A flock of geese, its leader honking loudly, flew low over the winding stream. Nearby, dogs and their owners broke into the new dog park. About 50 yards away, a group of children marched down bedrock stairs to where the stream flowed toward Hidden Falls.

A beginning-of-fall day at a regional park? A nature preserve?

Nope. It’s the former site of Ford’s St. Paul Assembly plant, and the new stormwater collection system running through the 122-acre site is not only drawing ooh and ahhh but has transformed an once-flat industrial tract into St. Paul’s most talked-about development.

“We knew it was going to be special, but it’s bigger and more transformational than I had imagined,” said St. Paul City Council Member Chris Tolbert, who represents the area. “It has been and will be a place to visit for people who live in and visit St. Paul, and a great example of using stormwater as an amenity.”

Bob Fossum of the Capitol Region Watershed District stood Wednesday on a bridge that crosses over the stormwater collection system — a feature, designed to look and act like a natural stream, for which his organization has spent decades advocating.

“We really wanted to seize this opportunity. This is a generational development,” Fossum said. “We do projects, plan them, design them, implement them… this is the first project of my career where this looks better than what I imagined.”

The blocks-long stormwater collection stream running through the site — from a couple blocks south of Ford Parkway past a newly extended Montreal Avenue on its way to the Mississippi River — looks recreational. But it actually has an engineering purpose.

Prior to redevelopment, polluted stormwater from the Ford site would travel to the river through an underground pipe without any treatment. When the site is fully developed, its stormwater systems will capture and clean 64 million gallons of water annually, preventing an estimated 28 tons of total suspended solids and 147 pounds of phosphorus from entering the river each year, according to the watershed district.

“The goal was to bring water back to this site,” Fossum said. “The second thing was to treat it as a resource and not treat it as a waste product.

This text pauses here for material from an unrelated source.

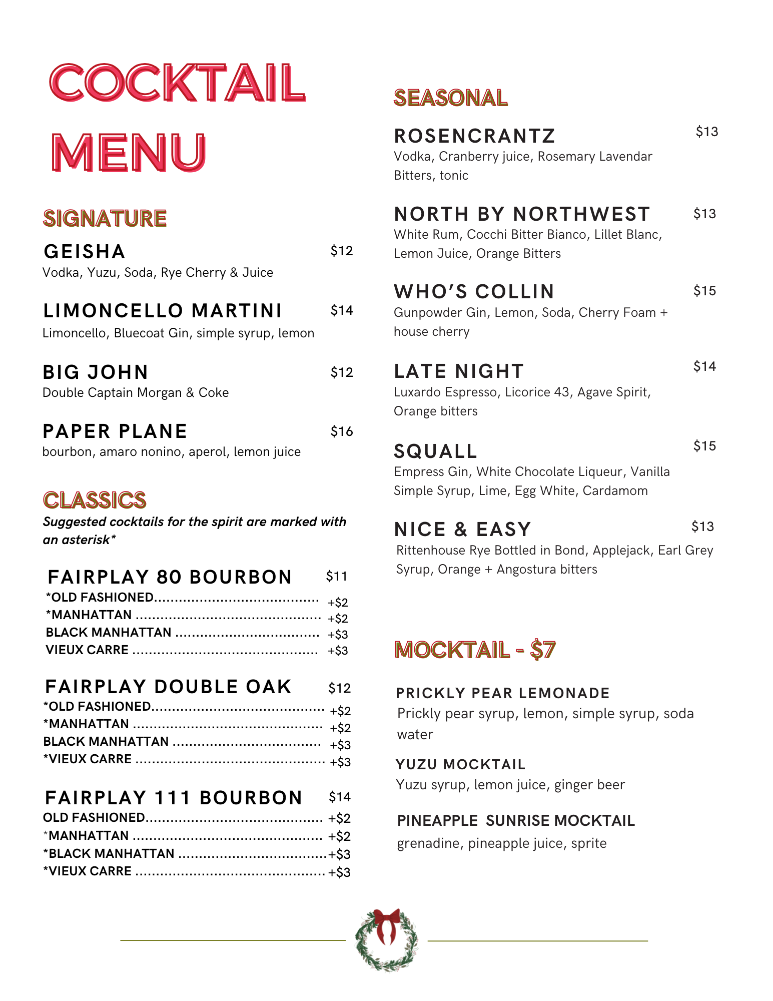 Signature and Seasonal craft cocktails make every visit a memorable one at John Ryan.

There are environmental benefits, as well as social benefits, from connecting people to water.”

As more of the site, now called Highland Bridge, is developed and commercial and residential buildings go up, each will connect to the stormwater system. Several giant underground tanks will collect rainwater, letting solids settle and filtering out chemicals, before releasing the water in a steady flow to the 4- to 5-foot-deep stream.

All along the length of the stream, there are places where people can walk or roll down to the water’s edge. Ducks have already found the water to their liking, as have kayakers. In the winter, officials expect ice skaters to take advantage as well.

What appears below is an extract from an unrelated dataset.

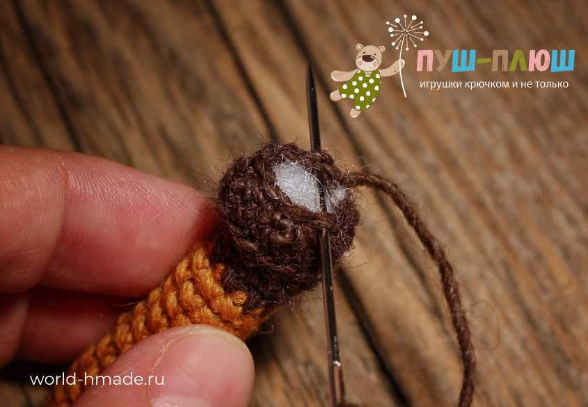 Заканчиваем вязание соединительным столбиком, оставив длинный край нити, с помощью которого мы будем соединять голову и туловище. Наполняем голову синтепоном и связываем детали между собой.
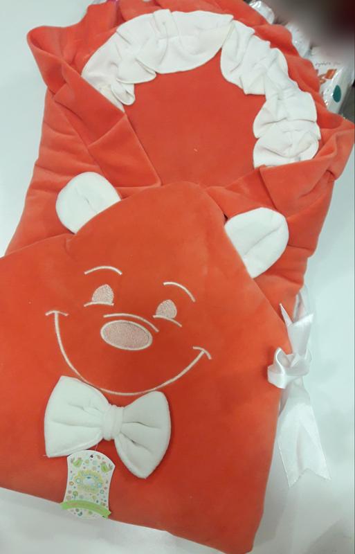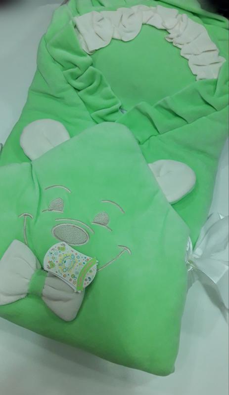 Ніжний велюровий конверт на виписку новонародженого з пологового будинку 🤗❤️ Виробництво Україна "Маленьке Сонечко" - 100% бавовна. Розмір: до 68 см Колір: кораловий, рожевий, салатовий.

The city has approved tax-increment financing (TIF) — which captures tax revenue from increased property values ​​— to help pay for affordable housing as well as streets, parks and utilities at Highland Bridge. The city in 2016 projected it would contribute up to $275 million in public financing to the development.

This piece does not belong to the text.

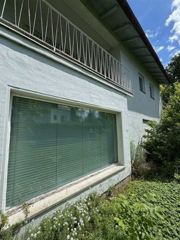 Altbestand zum Abriss: EFH-Villa aus den 50er-Jahren, sowie eine Garage, Pergola, Gartengeräteraum und Außenpool und ein stillgelegter Heizölerdtank in der Einfahrt

But the water feature is not part of that financing. Developers will pay for it through connection fees as new housing and commercial space is built, said Tony Barranco, president of the North Region for Ryan Cos., the Minneapolis-based master developer of the site.

Barranco, who was part of the Ryan team that spent months holding community meetings to address everything from building design to the grid layout of the site’s 40 planned city blocks, said the water feature’s size and scale exceeded expectations.

“It’s fantastic. We knew it would be the marquee public feature in the project,” he said. “But now that it’s built, we said, ‘Holy buckets, this is unbelievable.'”

The stormwater stream is bringing visitors to the site years before Highland Bridge’s four new city parks and 3,800 housing units — including affordable apartments and significantly more expensive rowhouses and single-family homes — are complete.

“The most exciting thing for us is seeing the kayakers and seeing people sitting on the stones and dipping their feet in the water,” Barranco said. “We didn’t anticipate all of it, but all of it makes us happy.”